If your contact is interested, I have an alternative for them.
Ruairi
Cheers Ruairi,
I’d be interested in the alternative. I’ll be in touch shortly.
Good post Robert, they must be some shower eh!
would this only affect port 110? i wonder what other kind of snooping they are doing. probably some port 80 stuff as well. this is almost as bad as meteor and trying to disable STARTTLS on port 25 even though they will probably say its for preventing spam
They are probably proxying as well Dan, I know quite a few ISP’s provide transparent proxying to their customers.
That’s not necessarily a bad thing as it can actually speed things up a bit for the customers.

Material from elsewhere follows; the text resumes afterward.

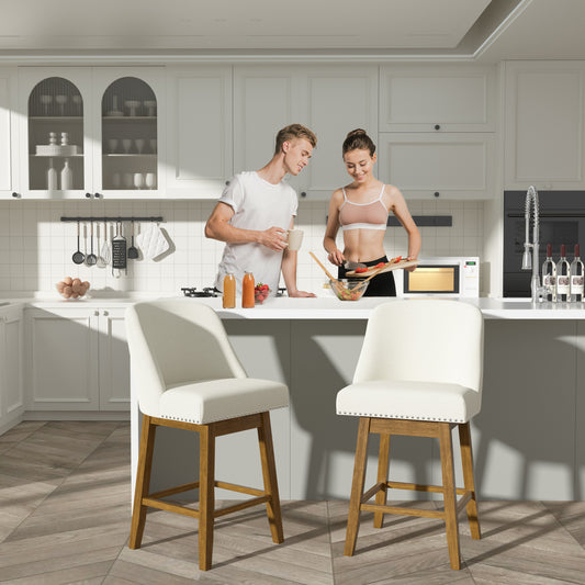 Tolead 2-Piece 29-Inch Swivel Bar Stools with 360-Degree Swivel and Upholstered Seat, White

Modifying that content is another story though!
they aint cheap either! 100 Quid for 3mb connection…
i remember NTL used to have a hidden proxy for web serving years ago, but lucky its gone now… why are eircom still using insecure pop3 though? if your ISP can take your details and pass them on as their own, and take the response, mess with them and pass them back to you, its not very secure on eircom’s part either… Gmail have secure pop3 and secure imap so this cant happen… why dont eircom?
Tiernan,
POP3 is comparitively insecure anyway. Sending plaintext passwords etc.
For the average user setting up a POP3 account is relatively simple plus don’t forget that a large majority of people with eircom.net mail addresses are probably using eircom as their ISP. Setting up an encrypted POP account is adding an extra level of complexity for people who can’t/don’t want to know about these sort of things. They just want to access their mail.
In the case above she had already made her connection to eircom, her ISP’s firewall is busy listening to all traffic on port 110. It can probably scan all other traffic too.
can she not use TLS on the POP3?
Shite! I missed your comment until now Dan, Sorry!
I don’t think eircom support TLS on POP3 yet.